● **YOUR GOAL**: Nothing but the images should be left out when the entries are restated word for word.

● **RECORDS FOR THIS EXERCISE**:
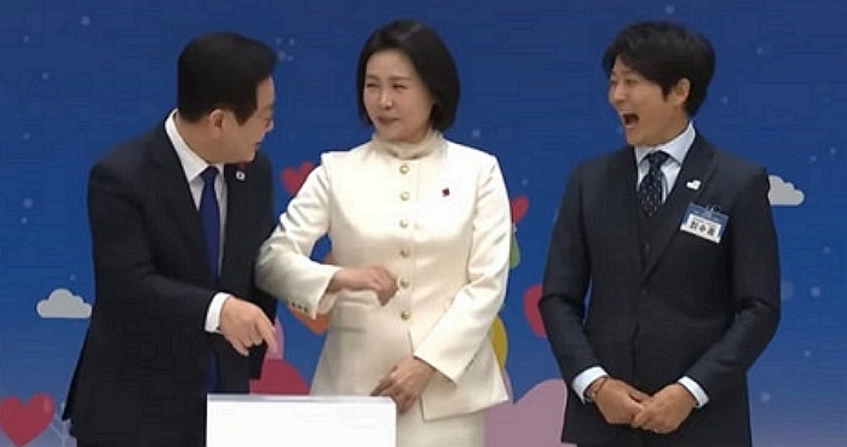 진행자가 "어! 대통령님, 사진 찍으실 때 잠시만 멈춰주시면 감사하겠습니다. (봉투가) 쑥 들어갔습니다"라고 말하자, 이재명 대통령은 실수를 깨닫고 자신의 이마에 손을 갖다 대며 웃었습니다. 김혜경 여사가 이재명 대통령의 옆구리를 '쿡' 찌르는 모습을 본 최수종은 눈을 질끈 감으며 웃음을 참지 못했습니다.
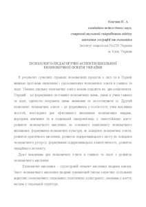 The article is devoted research psikhologo-pedagogical aspects of modern school economic education in Ukraine. The analysis of process of development of economic thought, economic culture, critical thought, enterprise culture is carried out
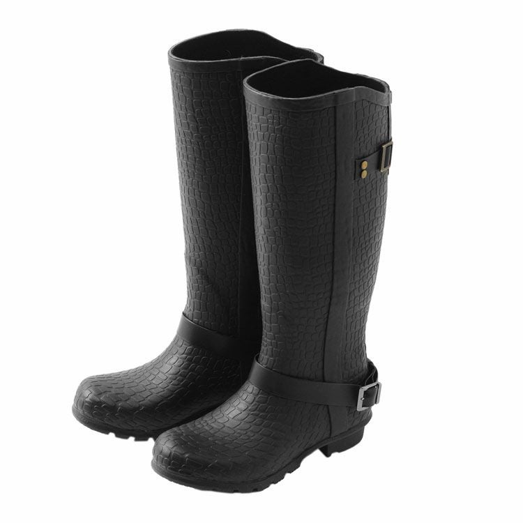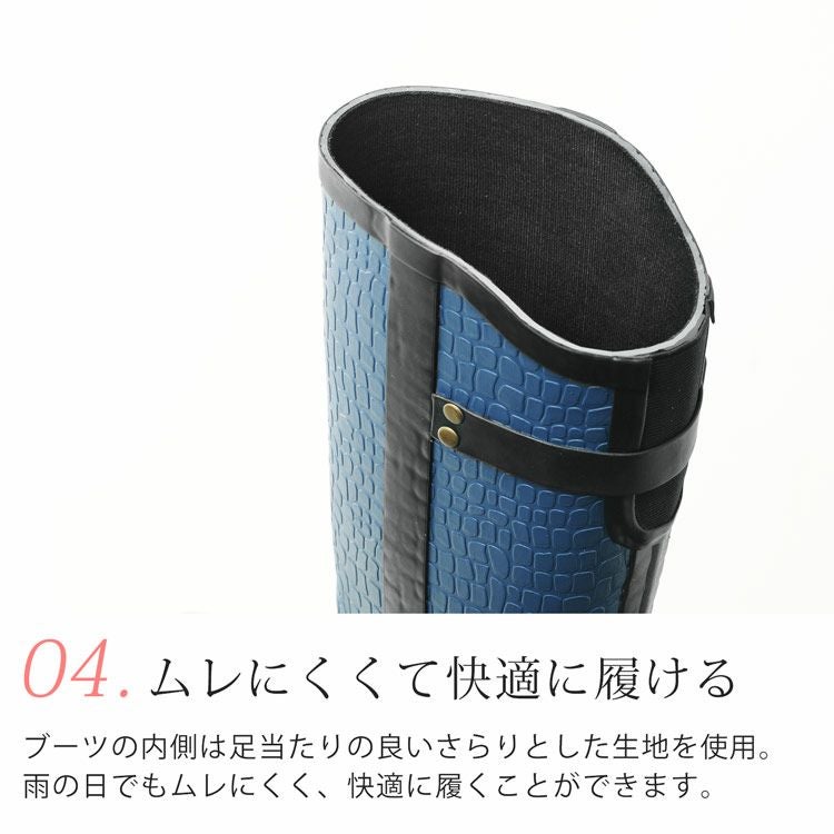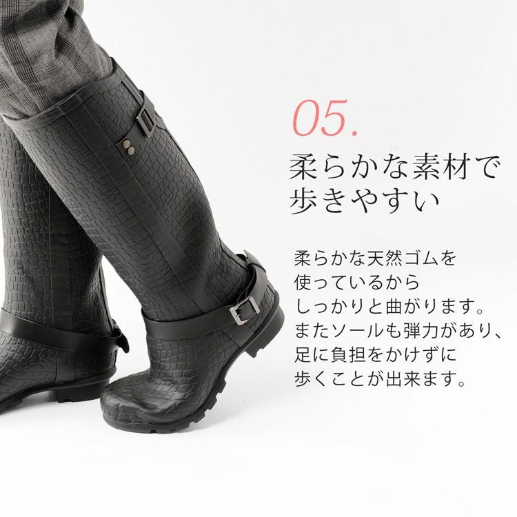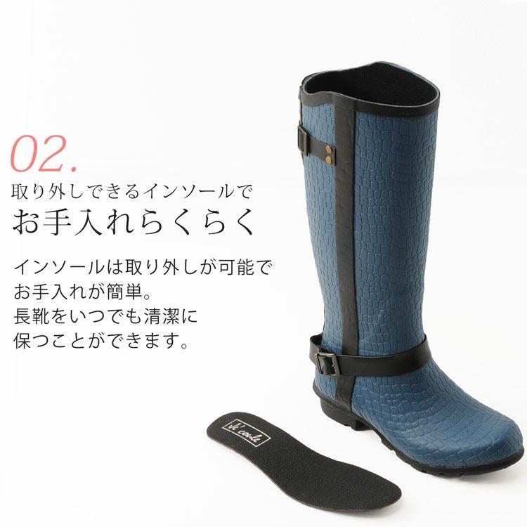 レインブーツ レディース 完全防水 ロング クロコダイル 型押し レインシューズ je'coule 長靴 柔らかい 滑りにくい 雨靴 防水 キャンプ 梅雨 台風 S/M/L/LL ネイビー/ブラック 雨の日 エンジニアブーツ エンジニア ラバー ギフト プレゼント
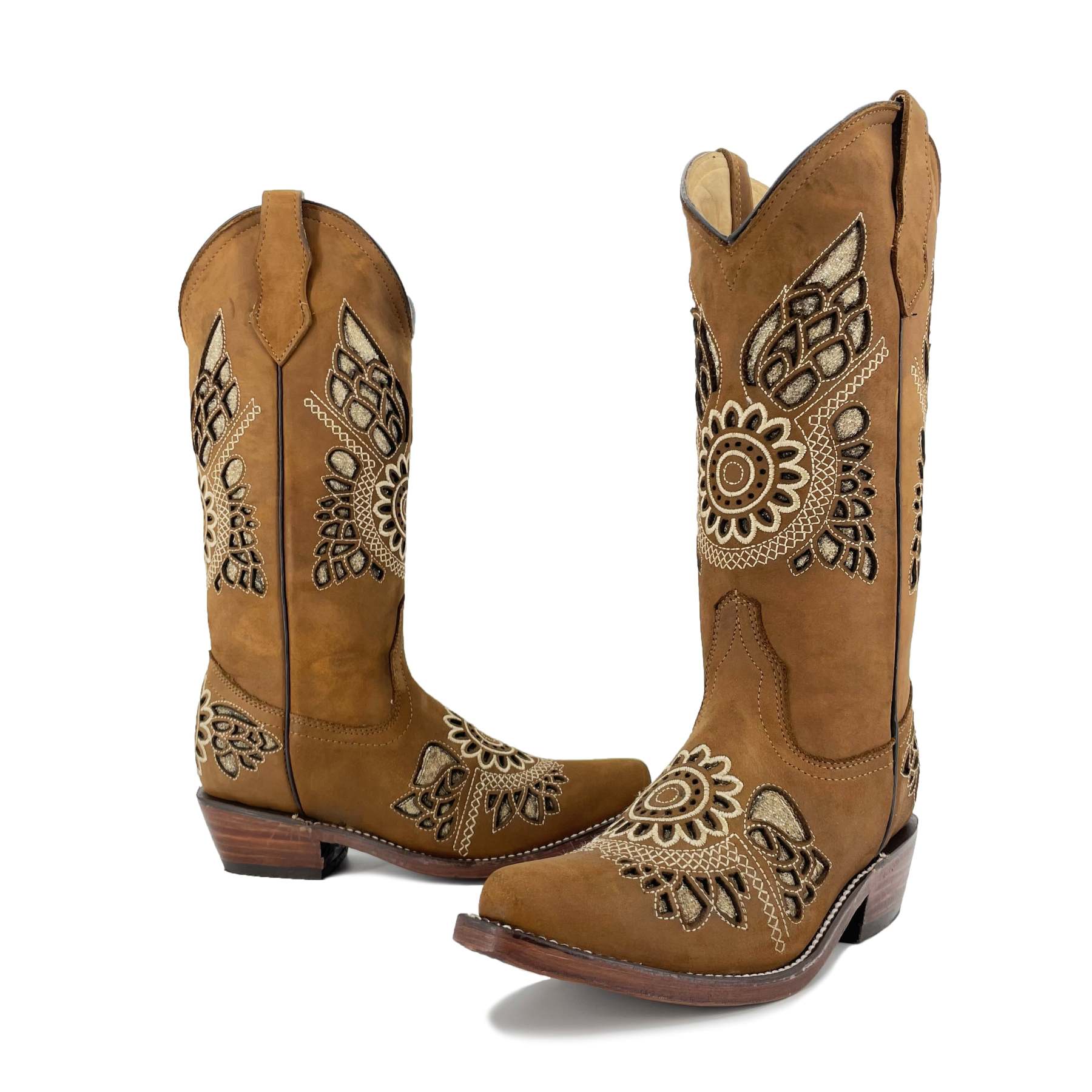 Women's Snip Toe Glitter Boots -Sand Tan
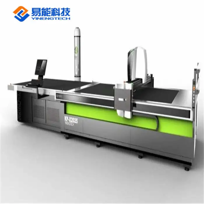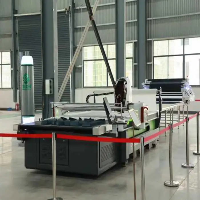 The machine can handle various materials, including nonwoven, yarn, and fiber fabrics.

● **OUTPUT OF THE TASK**:
 진행자가 "어! 대통령님, 사진 찍으실 때 잠시만 멈춰주시면 감사하겠습니다. (봉투가) 쑥 들어갔습니다"라고 말하자, 이재명 대통령은 실수를 깨닫고 자신의 이마에 손을 갖다 대며 웃었습니다. 김혜경 여사가 이재명 대통령의 옆구리를 '쿡' 찌르는 모습을 본 최수종은 눈을 질끈 감으며 웃음을 참지 못했습니다.
 The article is devoted research psikhologo-pedagogical aspects of modern school economic education in Ukraine. The analysis of process of development of economic thought, economic culture, critical thought, enterprise culture is carried out
 レインブーツ レディース 完全防水 ロング クロコダイル 型押し レインシューズ je'coule 長靴 柔らかい 滑りにくい 雨靴 防水 キャンプ 梅雨 台風 S/M/L/LL ネイビー/ブラック 雨の日 エンジニアブーツ エンジニア ラバー ギフト プレゼント
 Women's Snip Toe Glitter Boots -Sand Tan
 The machine can handle various materials, including nonwoven, yarn, and fiber fabrics.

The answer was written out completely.